September is Suicide Prevention Month
Everyone has a role in suicide prevention.
Outlined in this blog are ways that you can support suicide prevention through:
- Knowing the warning signs;
- Risk factors; and
- How to support someone in a mental health crisis
What are the warning sings?
Warning signs are things to look out for when concerned that a person may be suicidal.
- Prolonged sadness or depression: The person has been experiencing long-lasting/persistent sadness or depression.
- Personality changes: The person’s typical attitude and behaviours have shifted. This may include: aggression, irritability, fatigue, agitation, sleeping too much or too little, increased use of substances, isolating from friends and family, socially withdrawing, decreased concern about physical appearance, poor hygiene, loss of interest from what they once enjoyed, reckless/’risky’ behaviour, giving away possessions, saying goodbye, searching for methods, etc.
- They might talk about: Feeling like a burden to others, unbearable pain, feeling trapped or hopeless, having no reason to live, questioning their own existence, etc.
What are the risk factors?
Risk factors are characteristics or conditions that increase the chance that a person may try to take their life.
- Individual Risk Factors: Mental health conditions, chronic pain, terminal illness, legal/financial stressors, unemployment, substance misuse, etc.
- Relational Risk Factors: History of physical, emotional, or sexual abuse, bullying, relationship problems, break-ups/divorce, death of a loved one, socially isolated/lacks support network, etc.
- Community/Societal Risk Factors: Ashamed to ask for help (i.e. internalized stigma), has become aware of an increased number of deaths by suicide or an increase in media coverage of deaths by suicide, lacks access to health and mental health care, faces social, economic, and/or systemic oppression, etc.
What do to if you are concerned
If you’re worried about someone in your life, remember T.A.S.C. or W.A.I.T.
T: Tune in
Pay attention – has their behaviour changed? Are they not as talkative or engaged as they usually are? Are they saying things like, “It would be better if I wasn’t here”, or “I wish I could just die”?
Ask clearly and without judgement, “are you thinking about suicide?”. These are hard questions to ask, but are necessary. Remember to be open-minded and avoid saying anything that will make them feel worse, or discourage them from talking.
State that suicide is serious and let them know that you care about them.
Connect them to support (personal and professional). You don’t have to be the one to solve their problems, but you can urge that they access the appropriate support, and help them to do so. Stay with them to keep them safe during this time.
W: Watch out
Watch out for signs of distress and changes in behaviour.

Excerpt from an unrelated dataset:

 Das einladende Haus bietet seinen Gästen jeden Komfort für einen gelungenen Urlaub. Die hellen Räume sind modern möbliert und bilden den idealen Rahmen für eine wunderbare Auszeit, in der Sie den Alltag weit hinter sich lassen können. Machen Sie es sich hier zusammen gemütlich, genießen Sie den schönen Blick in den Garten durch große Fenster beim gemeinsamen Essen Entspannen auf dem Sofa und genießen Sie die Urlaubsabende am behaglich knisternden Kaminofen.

Ask them, “are you having suicidal thoughts?”, or “are you thinking about suicide?”.
I: It will pass
Validate their struggles and assure them that with help, their suicidal feelings will pass.
T: Talk to others
Encourage them to seek help and connect them to a network of supportive people (this can be friends, family, and mental health professionals).

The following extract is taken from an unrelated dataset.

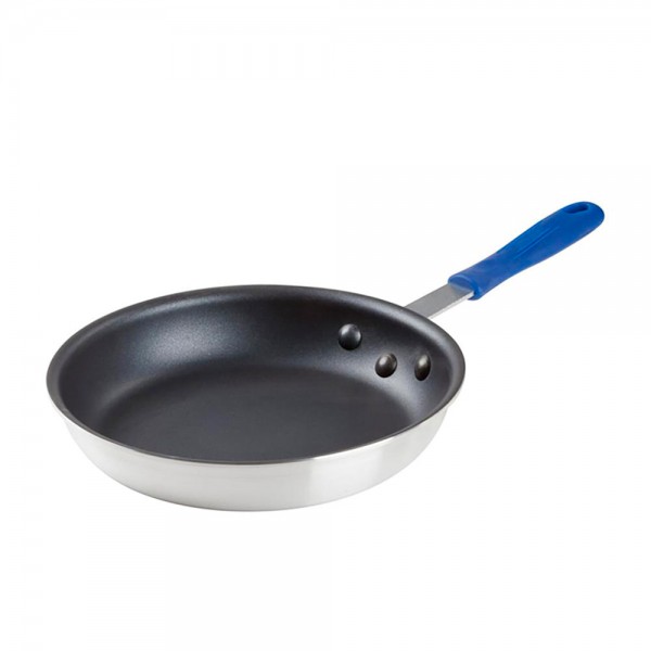 The Winco AFPI-10NH is an induction ready fry pan with a 10" diameter. Despite this fry pan's deep drawn type 3003 aluminum construction, a stainless steel bonded plate gives it the ability to work with Winco induction cooktops, granting it a versatility that standard aluminum fry pans do not have. The aluminum pan body has a Quantum2 non-stick coating and features a durable riveted handle. The included silicone sleeve is heat resistant up to 500ºF, providing additional protection against burns in the kitchen.

If someone you know is at imminent risk of suicide*
If faced with a person at imminent risk of suicide, or has taken action to harm oneself, seek immediate help by calling emergency services or taking them to the nearest hospital.
While waiting for emergency services:
- Reassure them and continue to engage and communicate with them in a calm, respectful manner
- Stay with them until emergency services arrive on the scene
*Imminent risk of suicide:
- Suicide attempt in progress; or
- Has a clear intent, a detailed plan and access to lethal means, and an immediate timeframe to carry out their plan
Even if an attempt has not been made, but you have no control over the person’s safety, phone emergency services immediately.
An important note
If someone you know is exhibiting warning signs for suicide, do not be afraid to ask them if they are thinking about taking their life. Listen compassionately and without judgement. In some cases, people experiencing suicidal thoughts just need to know that someone loves and cares about them, and are willing to listen to them talk about how they’re feeling.
Talk Suicide Canada:
If you or someone you know is thinking about suicide, call Talk Suicide Canada at 1-833-456-4566 (24/7) or text 45645 (4 PM – 12 AM ET).

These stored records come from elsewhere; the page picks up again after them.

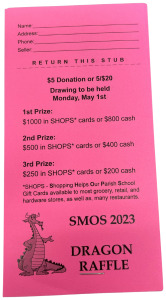 Here are the prizes if you win the Dragon Raffle: 1st Prize – $1,000 in SHOPS cards or $800 cash; 2nd Prize – $500 in SHOPS cards or $400 cash; 3rd Prize – $250 in SHOPS cards or $200 cash. (SHOPS stands for Shopping Helps Our Parish School – they’re gift cards that are available to most grocery, retail, and hardware stores, as well as many restaurants.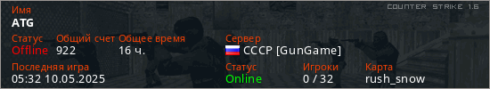 Играет на Counter Strike 1.6 сервере. Страна: РоссияПервый раз замечен 18:47 21.06.2023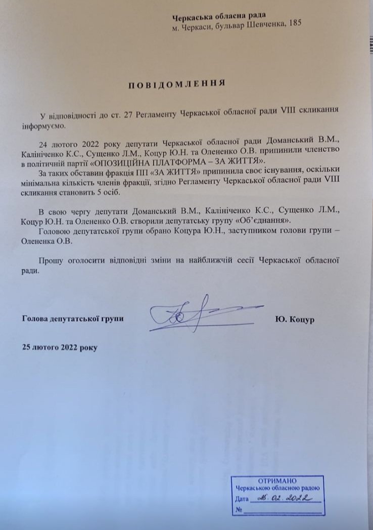 За таких обставин ця політична партія припинить своє існування в Черкаській облраді, адже за Регламентом у фракції має бути хоча б 5 осіб.

For residents of Québec, call 1 866 APPELLE (1-866-277-3553) (24/7) or visit suicide.ca.
Visit Talk Suicide Canada for the distress centres and crisis organizations nearest you.
Kids Help Phone:
Call 1-800-668-6868 (toll-free) or text CONNECT to 686868.
Available 24 hours a day to Canadians aged 5 to 29 who want confidential and anonymous care from professional counsellors
Hope for Wellness Help Line
Call 1-855-242-3310 (toll-free) or connect to the online Hope for Wellness chat.
Available to all Indigenous peoples across Canada who need immediate crisis intervention. Experienced and culturally sensitive help line counsellors can help if you want to talk or are distressed.
Telephone and online counselling are available in English and French. On request, telephone counselling is also available in Cree, Ojibway and Inuktitut.